## Your goal
Retype the lines from the first one in the records down to the line containing "サイカラーメン(1玉)にトッピング味付け煮玉子とライス(中)を注文しました。", counting both, and leave out any pictures.

- - - -

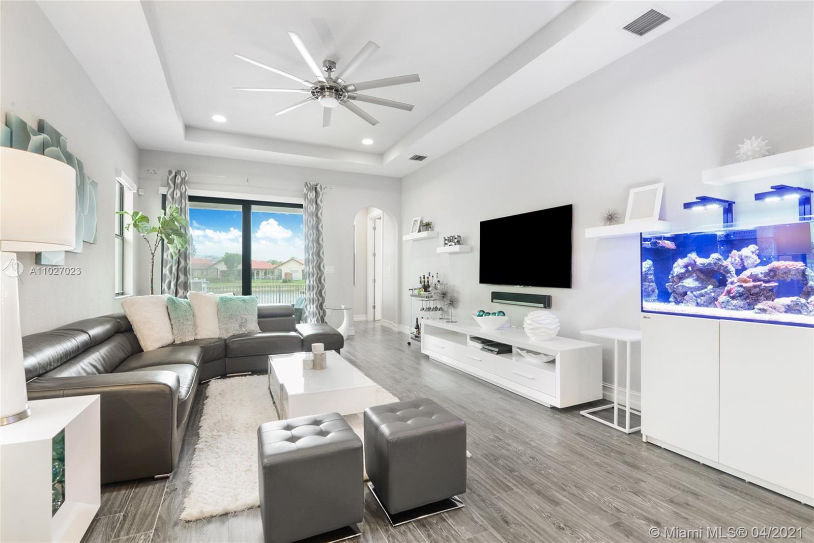Welcome to this immaculate modern home with countless highlights and a backyard with a lakefront view ready to relax and entertain.Bright and elegant customized 4 bedrooms, 2.5 baths plus sitting area & 2-car garage. Spacious living floorplan which features glass entry doors that welcomes you with 20’ cathedral ceilings and custom glass staircase.Gourmet kitchen opens to family room and dining area that is great for entertainment, upgraded with quartz countertops, KitchenAid stainless steel appliances, double oven and wine cooler. Master bedroom conveniently located downstairs with a master spa bath, modern tub and oversized shower with rain shower head. Step outside and enjoy the luxurious heated salt water pool, spill-over spa and fire sizzled waterfall a serene space to unwind and relax
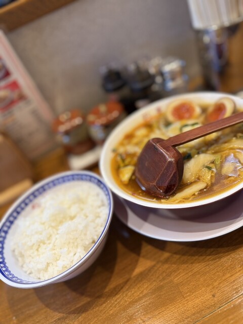 サイカラーメン(1玉)にトッピング味付け煮玉子とライス(中)を注文しました。
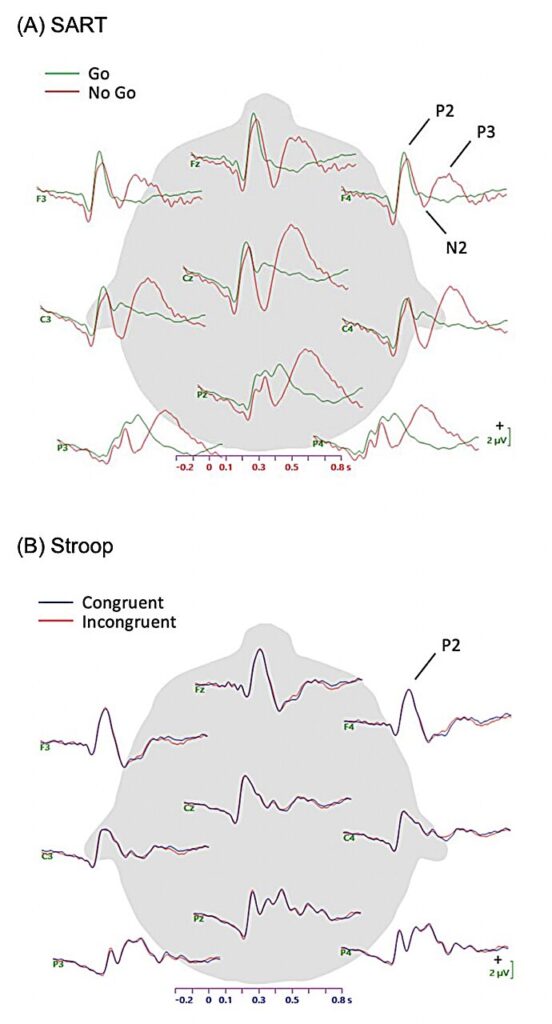 Whereas SART is usually used to check members’ means to remain targeted on the directions of a activity for a very long time, the Stroop check assesses selective consideration, or in different phrases the flexibility to solely give attention to one facet of introduced stimuli (i.e., the colour versus the which means of phrases). Whereas members accomplished these two duties, Compton and her collaborators measured the electrical exercise within the mind utilizing an electroencephalogram (EEG).
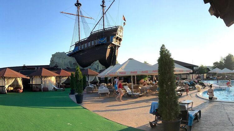 У Мережі з'явилося відео корабля, що горів, який був встановлений як декорація на території готельно-ресторанного комплексу "Бартоломео", по якому вдарив "Шахед".
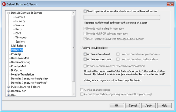 Click this check box to save a copy of all inbound messages into the Mail Archive root public folder and its subfolders. By default, this folder is accessible only by the Postmaster via IMAP. If you want to alter the permissions or grant access to more users you can do so by using the Access Control List reached from the Folder Listing screen of Public & Shared Folders.
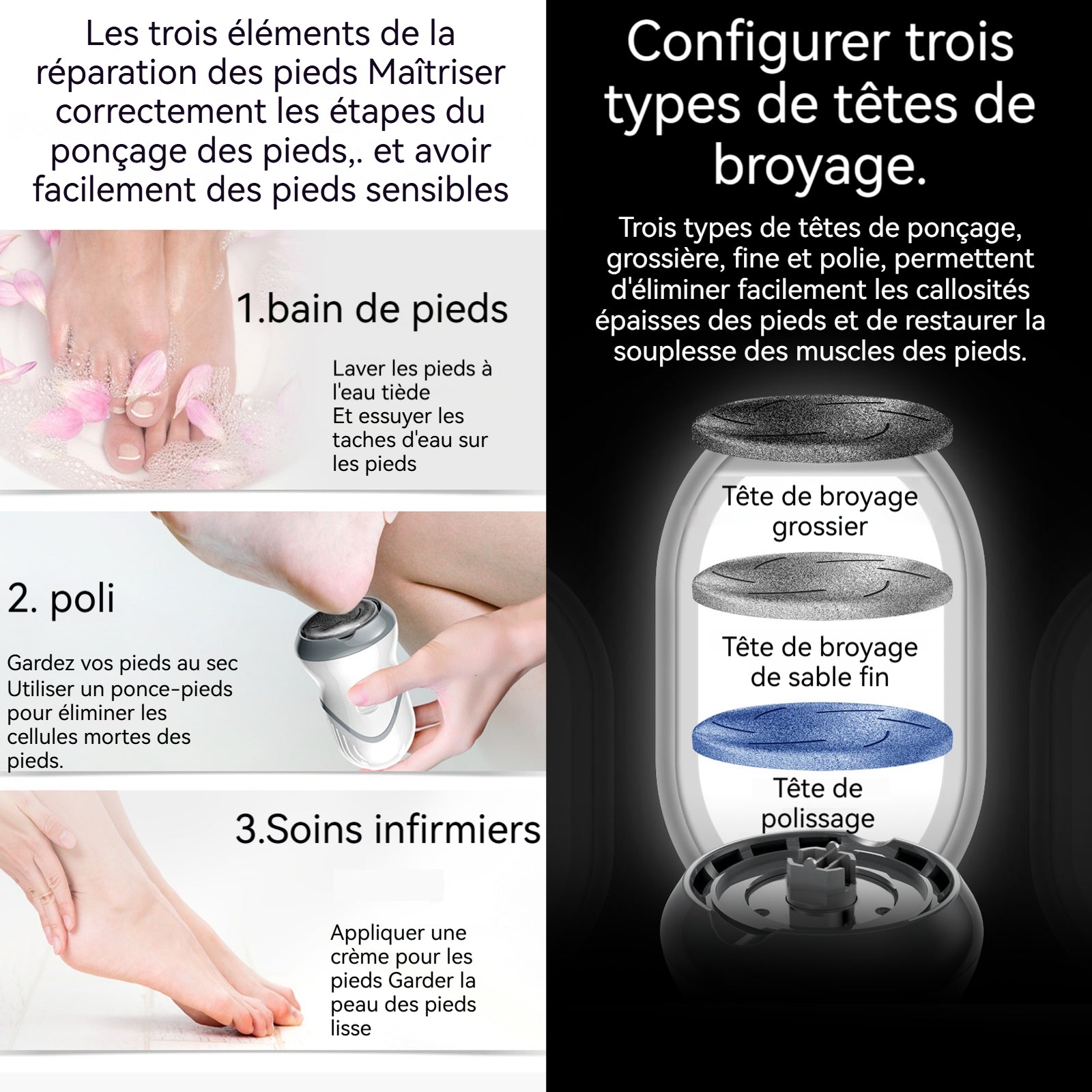 4. Expérience efficace : Ce râpeur de pieds a une puissance nominale de 2,5 W, capable d'éliminer efficacement les callosités et les peaux mortes, maintenant les pieds lisses et délicats, tout en améliorant le confort.
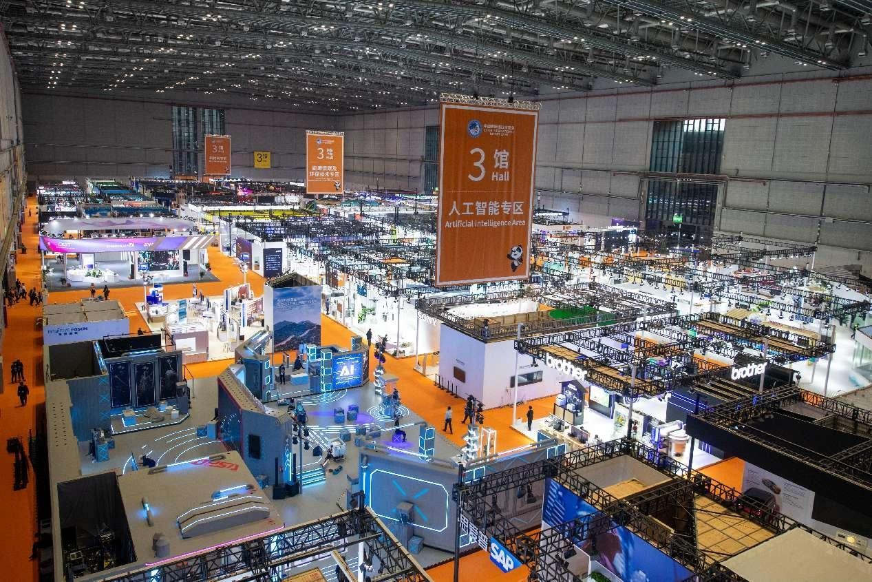 Photo shows the artificial intelligence section and the low-carbon energy and environmental protection technology section of the 7th China International Import Expo (CIIE), Nov. 3, 2024. (People's Daily Online/Weng Qiyu)
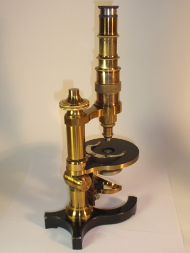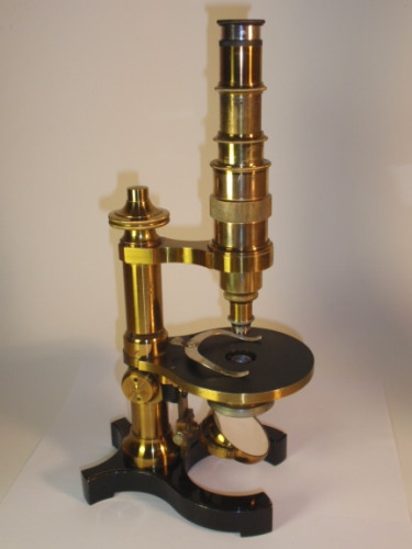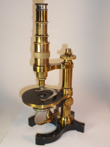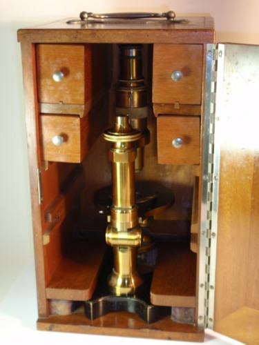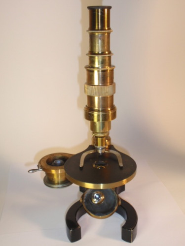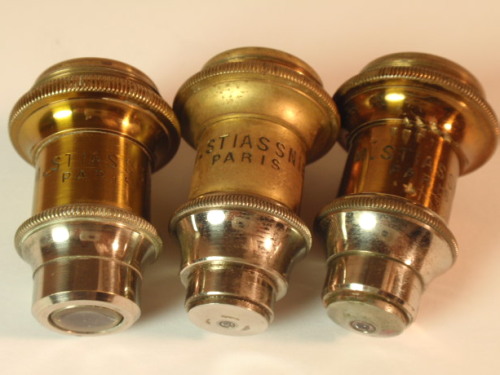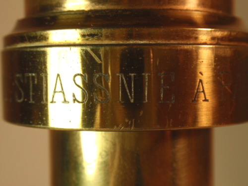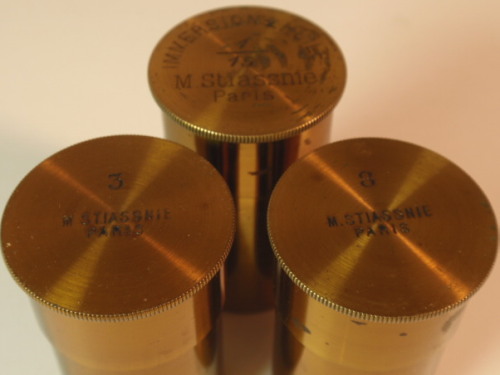 vollMessing, geschwärzter Fuß, original zaponiert und geschwärzt, ca. 1885, Höhe 33 cm, 3 signierte Objektive (Nr. 3, 8 und 1/5 Ölimmersion) in ebenfalls signierten Messingdosen, 3 Kompensationsokulare (Nr. 6, 9 und 18), Grobeinstellung durch den gerändelten – oberen - Tubusring; durch diese in dieser Zeit seltene Art der Fokussierung fährt der Tubus zoomartig auf und ab; Feineinstellung, abfahrbarer und schwenkbarer Kondensor, Kippstativ, Signatur auf dem unteren Tubusring "M. Stassnie à Paris"; mechanisch und optisch gut bis sehr gut, Erhaltung gut; schöner Kasten mit der eingestanzten Nummer "9.573". - Maurice Stiassnie war der Schwiegersohn von M. C. Verick und übernahm dessen Werkstatt in Paris im Jahr 1882.

- - - -

## Your solution
Welcome to this immaculate modern home with countless highlights and a backyard with a lakefront view ready to relax and entertain.Bright and elegant customized 4 bedrooms, 2.5 baths plus sitting area & 2-car garage. Spacious living floorplan which features glass entry doors that welcomes you with 20’ cathedral ceilings and custom glass staircase.Gourmet kitchen opens to family room and dining area that is great for entertainment, upgraded with quartz countertops, KitchenAid stainless steel appliances, double oven and wine cooler. Master bedroom conveniently located downstairs with a master spa bath, modern tub and oversized shower with rain shower head. Step outside and enjoy the luxurious heated salt water pool, spill-over spa and fire sizzled waterfall a serene space to unwind and relax
 サイカラーメン(1玉)にトッピング味付け煮玉子とライス(中)を注文しました。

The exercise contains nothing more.